# TASK DIRECTIONS
For this exercise, repeat the whole listing below exactly. Leave the pictures out.

━━ RECORDS FOR THE EXERCISE

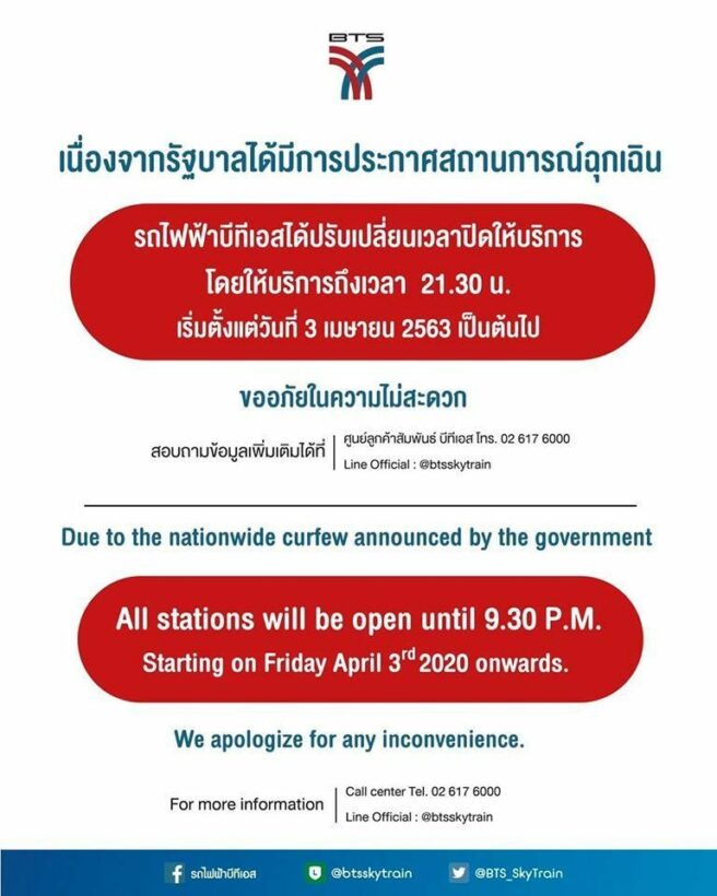 นายสุรพงษ์ เลาหะอัญญา กรรมการผู้อำนวยการใหญ่ บริษัท ระบบขนส่งมวลชนกรุงเทพ จำกัด (มหาชน) หรือผู้ให้บริการ รถไฟฟ้าบีทีเอส แจ้งว่า ตามประกาศสถานการณ์ฉุกเฉินในทุกเขตท้องที่ทั่วราชอาณาจักร พ.ร.ก. การบริหารราชการในสถานการณ์ฉุกเฉิน (ฉบับที่ 2) บริษัทฯ ขอปรับเวลาการให้บริการรถไฟฟ้าบีทีเอสเพื่อปฏิบัติตามคำประกาศจากทางรัฐบาล ดังนี้
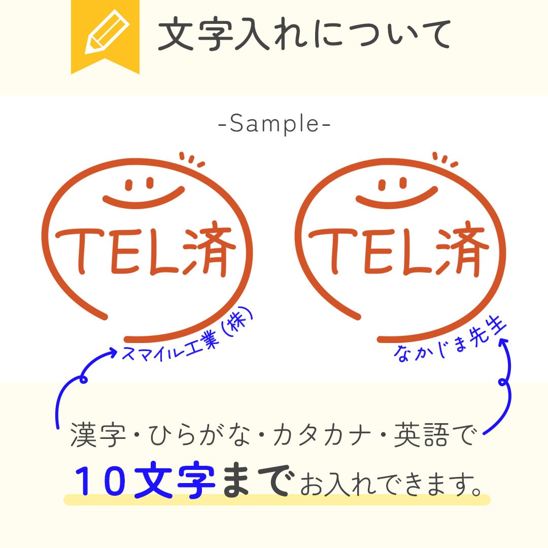 スマイルデザインスタンプの下部に、あなたのお名前や会社名など、好きな文字を10文字までお入れして作成します。
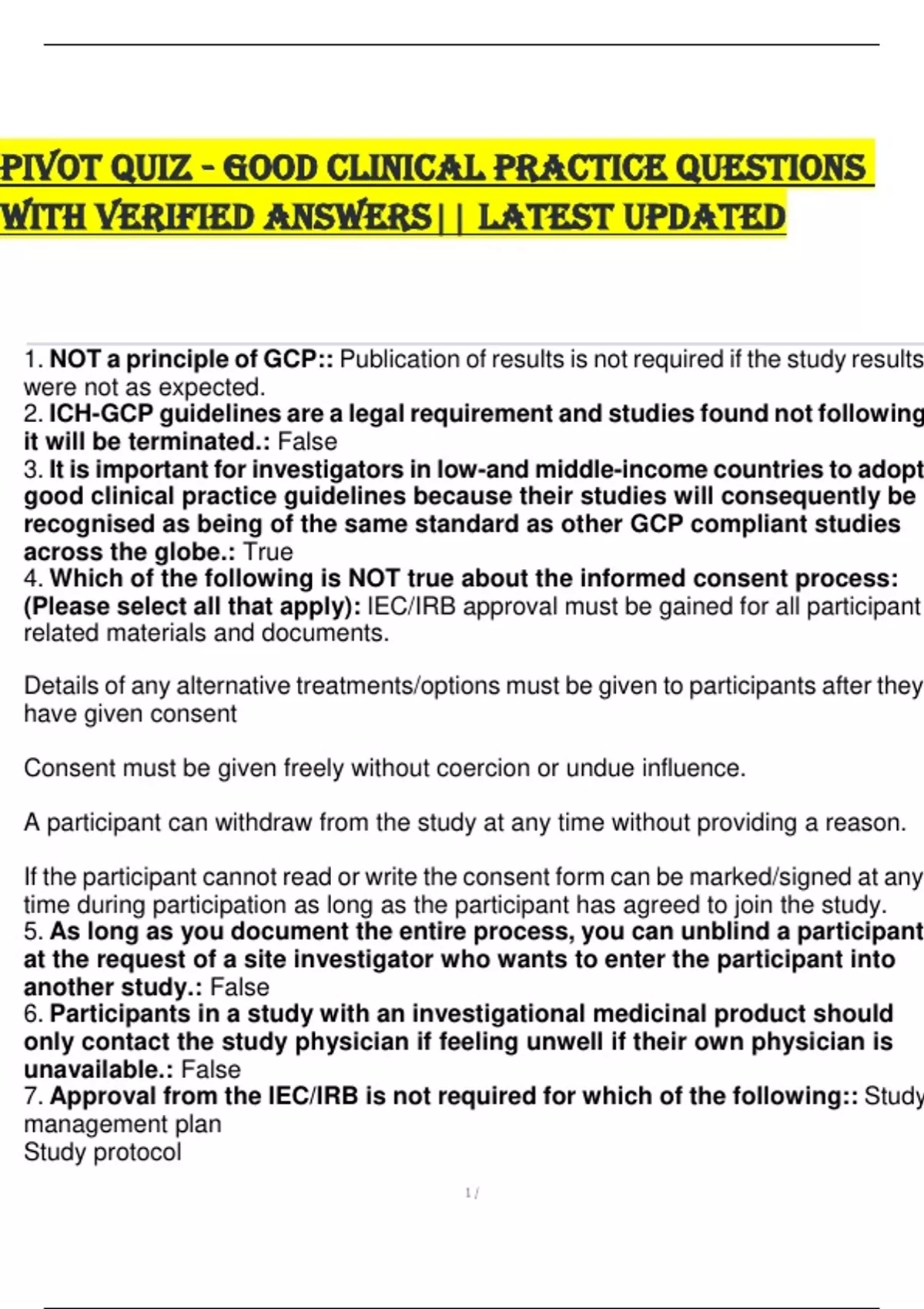 PIVOT QUIZ - GOOD CLINICAL PRACTICE QUESTIONS WITH VERIFIED ANSWERS|| LATEST UPDATED 1. NOT a principle of GCP:: Publication of results is not required if the study results were not as expected. 2. ICH-GCP guidelines are a legal requirement and studies found not following it will be terminated.: False 3. It is important for investigators in low-and middle-income countries to adopt good clinical practice guidelines because their studies will consequently be recognised as being of the same standard as other GCP compliant studies across the globe.: True 4. Which of the following is NOT true about the informed consent process: (Please select all that apply): IEC/IRB approval must be gained for all participant related materials and documents. Details of any alternative treatments/options must be given to participants after they have given consent Consent must be given freely without coercion or undue influence. A participant can withdraw from the study at any time without providing a reason. If the participant cannot read or write the consent form can be marked/signed at any time during participation as long as the participant has agreed to join the study. 5. As long as you document the entire process, you can unblind a participant at the request of a site investigator who wants to enter the participant into another study.: False 6. Participants in a study with an investigational medicinal product should only contact the study physician if feeling unwell if their own physician is unavailable.: False 7. Approval from the IEC/IRB is not required for which of the following:: Study management plan Study protocol
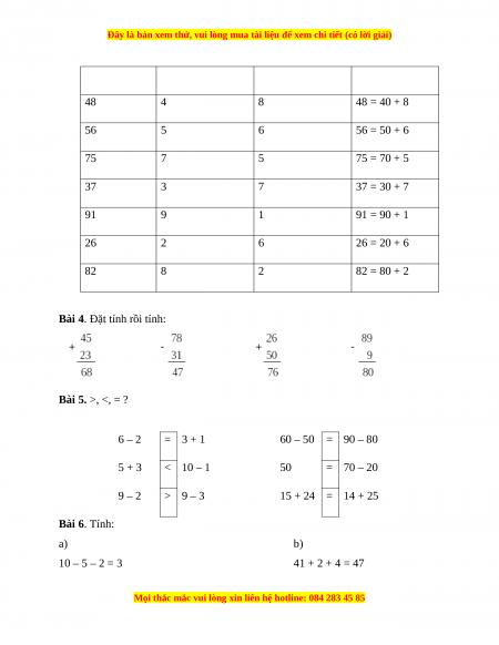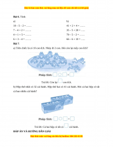 Bài 6. Tính: a) b) 10 – 5 – 2 = …… 41 + 2 + 4 = …… 7 – 4 + 2 = ……. 35 – 5 + 20 = ….. 4 + 1 + 5 = ……. 79 – 5 – 2 = …… 6 + 3 – 4 = ……. 66 – 6 + 10 = ….. Bài 7.
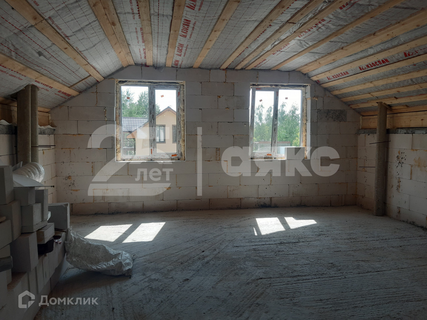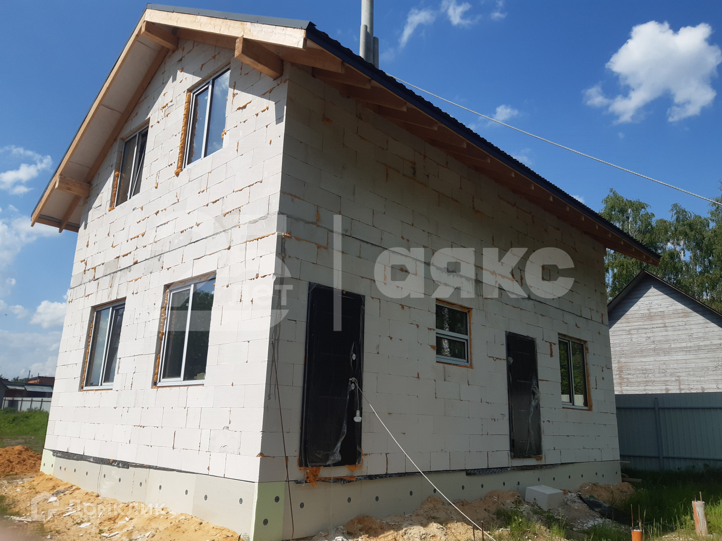 Фундамент- плита , утеплитель пеноплекс , гидроотсечка , гидроизол и сверху пенополистерол. Стены блок газосиликат, крыша утеплена покрытие крыши металлочерепица, высота потолка 3 метра , окна ПВХ 1.5 на 1.4. Газ по границе участка, водоснабжение центральное (колодец) , выводы под электричество и канализацию есть.
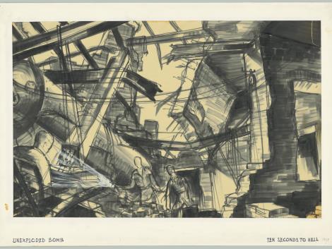 "Eine der Schlüsselszenen des Films spielt in einem ausgebombten Gebäude: Nachdem bereits einer ihrer Kameraden bei der gefährlichen Arbeit ums Leben gekommen ist, wird das Kommando nachts zu einer Ruine gerufen, in der ein Kollege unter einem riesigen Blindgänger eingeklemmt wurde. Zu dieser Sequenz existieren eine Skizze und ein ausgearbeiteter Entwurf im Ken Adam Archiv der Deutschen Kinemathek. Er zeigt in der linken Bildhälfte die schräg im zerborstenen, von Trägerbalken durchzogenen Gebäude steckende Bombe sowie die Rückansicht von Koertner, der zu diesem Zeitpunkt die Bombe bereits entschärft hat und auf medizinische Hilfe wartet. Im Zentrum des Bildes sieht man zwei sich ihm mit einer Taschenlampe nähernde Männer. Der mit breitem Strich gezeichnete Entwurf ist als filmisches Bild fast identisch umgesetzt worden."
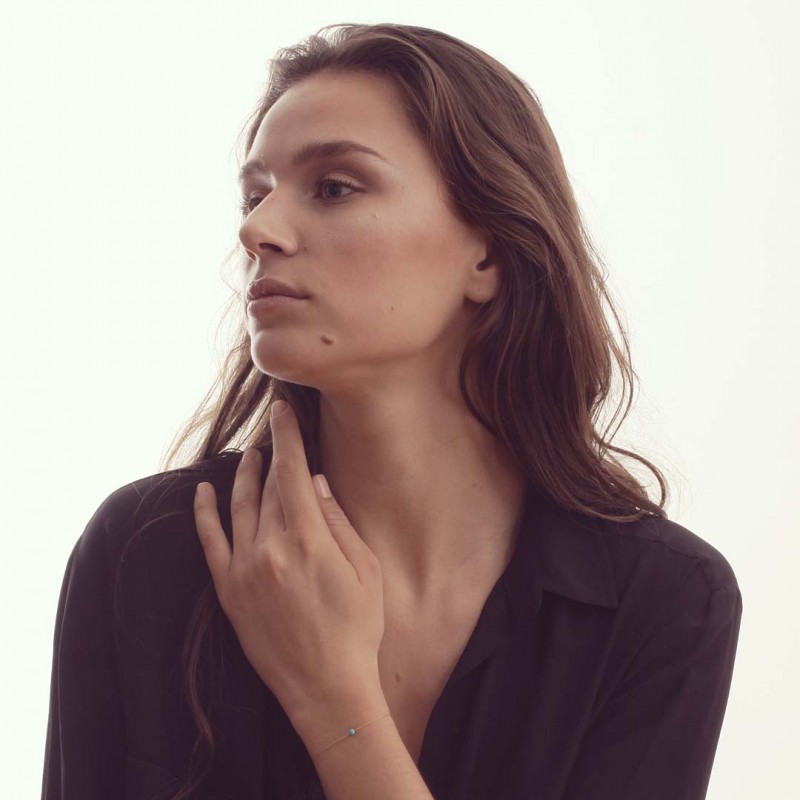 Bracelet with turquoise pearl (3/4 mm) on a fine yellow gold chain (17 cm) with ring to adjust to wrist's size. Total weight of gold: .60 gram
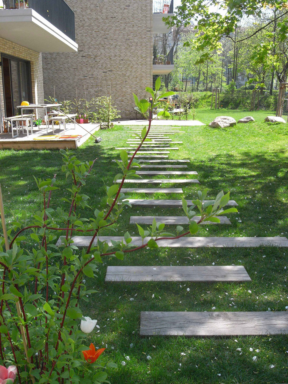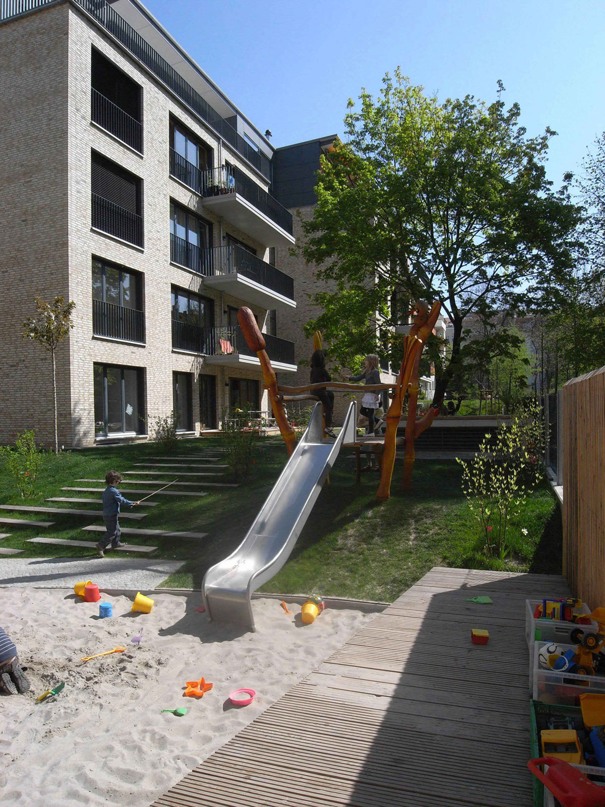 Die Gestaltung erforderte die Einbindung der ‚Infrastruktur’ (es wurden unter anderem 96 Fahrradstellplätze integriert) und der Nutzungsideen wie Gärtnern, Ballspiel, Party, Ruhe, Buddeln, Klettern in ein einheitliches, Binnenräume schaffendes Gestaltungskonzept. Idee des Entwurfs ist es einen ‚farbigen Teppich’ aus unterschiedlichen Räumen und Flächen zu “weben”, bunt und vielfältig, doch zugleich signifikant. Wege und Terrassen ziehen sich großzügig durch den Garten, verbinden die “grünen” raumbildenden Flächen, die zum Spiel und zur Erholung einladen.
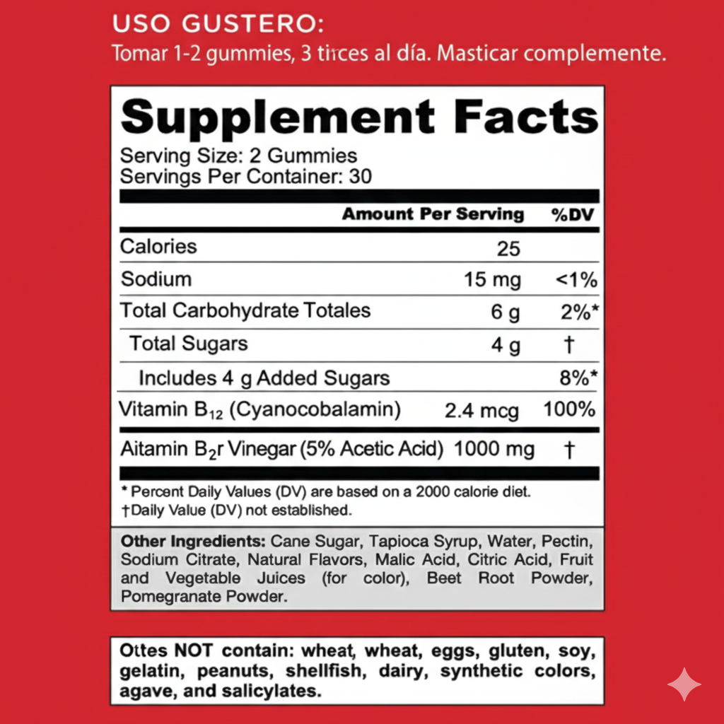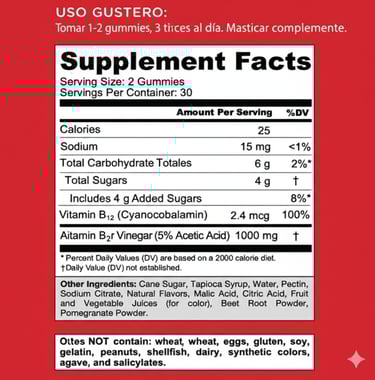 “Con Vitamina B12 para apoyar el metabolismo energético.”
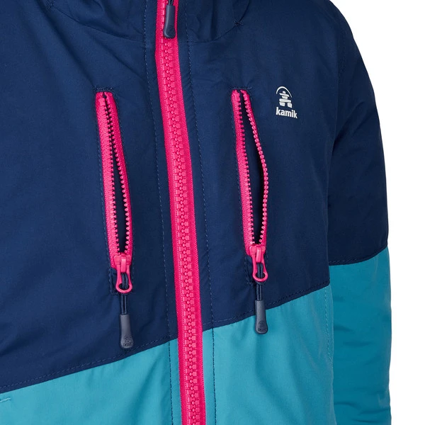 Durch die DriDefense Membran sowie die PFC-freie DWR-Imprägnierung ist das Außenmaterial der tollen Jacke zuverlässig wind- wasserdicht sowie schmutz- und wasserabweisend. Somit können deine Kinder bedenkenlos im Schnee toben oder die Piste hinabfahren. Und genießen dabei dank guter Atmungsaktivität ein angenehmes Innenklima. Zudem werden sie durch die Kunstfaser-Wattierung wohlig warmgehalten. Während das weiche Fleece-Innenmaterial mit gutem Feuchtigkeitstransport aufwartet.

━━━━

# ANSWER BOX
 นายสุรพงษ์ เลาหะอัญญา กรรมการผู้อำนวยการใหญ่ บริษัท ระบบขนส่งมวลชนกรุงเทพ จำกัด (มหาชน) หรือผู้ให้บริการ รถไฟฟ้าบีทีเอส แจ้งว่า ตามประกาศสถานการณ์ฉุกเฉินในทุกเขตท้องที่ทั่วราชอาณาจักร พ.ร.ก. การบริหารราชการในสถานการณ์ฉุกเฉิน (ฉบับที่ 2) บริษัทฯ ขอปรับเวลาการให้บริการรถไฟฟ้าบีทีเอสเพื่อปฏิบัติตามคำประกาศจากทางรัฐบาล ดังนี้
 スマイルデザインスタンプの下部に、あなたのお名前や会社名など、好きな文字を10文字までお入れして作成します。
 PIVOT QUIZ - GOOD CLINICAL PRACTICE QUESTIONS WITH VERIFIED ANSWERS|| LATEST UPDATED 1. NOT a principle of GCP:: Publication of results is not required if the study results were not as expected. 2. ICH-GCP guidelines are a legal requirement and studies found not following it will be terminated.: False 3. It is important for investigators in low-and middle-income countries to adopt good clinical practice guidelines because their studies will consequently be recognised as being of the same standard as other GCP compliant studies across the globe.: True 4. Which of the following is NOT true about the informed consent process: (Please select all that apply): IEC/IRB approval must be gained for all participant related materials and documents. Details of any alternative treatments/options must be given to participants after they have given consent Consent must be given freely without coercion or undue influence. A participant can withdraw from the study at any time without providing a reason. If the participant cannot read or write the consent form can be marked/signed at any time during participation as long as the participant has agreed to join the study. 5. As long as you document the entire process, you can unblind a participant at the request of a site investigator who wants to enter the participant into another study.: False 6. Participants in a study with an investigational medicinal product should only contact the study physician if feeling unwell if their own physician is unavailable.: False 7. Approval from the IEC/IRB is not required for which of the following:: Study management plan Study protocol
 Bài 6. Tính: a) b) 10 – 5 – 2 = …… 41 + 2 + 4 = …… 7 – 4 + 2 = ……. 35 – 5 + 20 = ….. 4 + 1 + 5 = ……. 79 – 5 – 2 = …… 6 + 3 – 4 = ……. 66 – 6 + 10 = ….. Bài 7.
 Фундамент- плита , утеплитель пеноплекс , гидроотсечка , гидроизол и сверху пенополистерол. Стены блок газосиликат, крыша утеплена покрытие крыши металлочерепица, высота потолка 3 метра , окна ПВХ 1.5 на 1.4. Газ по границе участка, водоснабжение центральное (колодец) , выводы под электричество и канализацию есть.
 "Eine der Schlüsselszenen des Films spielt in einem ausgebombten Gebäude: Nachdem bereits einer ihrer Kameraden bei der gefährlichen Arbeit ums Leben gekommen ist, wird das Kommando nachts zu einer Ruine gerufen, in der ein Kollege unter einem riesigen Blindgänger eingeklemmt wurde. Zu dieser Sequenz existieren eine Skizze und ein ausgearbeiteter Entwurf im Ken Adam Archiv der Deutschen Kinemathek. Er zeigt in der linken Bildhälfte die schräg im zerborstenen, von Trägerbalken durchzogenen Gebäude steckende Bombe sowie die Rückansicht von Koertner, der zu diesem Zeitpunkt die Bombe bereits entschärft hat und auf medizinische Hilfe wartet. Im Zentrum des Bildes sieht man zwei sich ihm mit einer Taschenlampe nähernde Männer. Der mit breitem Strich gezeichnete Entwurf ist als filmisches Bild fast identisch umgesetzt worden."
 Bracelet with turquoise pearl (3/4 mm) on a fine yellow gold chain (17 cm) with ring to adjust to wrist's size. Total weight of gold: .60 gram
 Die Gestaltung erforderte die Einbindung der ‚Infrastruktur’ (es wurden unter anderem 96 Fahrradstellplätze integriert) und der Nutzungsideen wie Gärtnern, Ballspiel, Party, Ruhe, Buddeln, Klettern in ein einheitliches, Binnenräume schaffendes Gestaltungskonzept. Idee des Entwurfs ist es einen ‚farbigen Teppich’ aus unterschiedlichen Räumen und Flächen zu “weben”, bunt und vielfältig, doch zugleich signifikant. Wege und Terrassen ziehen sich großzügig durch den Garten, verbinden die “grünen” raumbildenden Flächen, die zum Spiel und zur Erholung einladen.
 “Con Vitamina B12 para apoyar el metabolismo energético.”
 Durch die DriDefense Membran sowie die PFC-freie DWR-Imprägnierung ist das Außenmaterial der tollen Jacke zuverlässig wind- wasserdicht sowie schmutz- und wasserabweisend. Somit können deine Kinder bedenkenlos im Schnee toben oder die Piste hinabfahren. Und genießen dabei dank guter Atmungsaktivität ein angenehmes Innenklima. Zudem werden sie durch die Kunstfaser-Wattierung wohlig warmgehalten. Während das weiche Fleece-Innenmaterial mit gutem Feuchtigkeitstransport aufwartet.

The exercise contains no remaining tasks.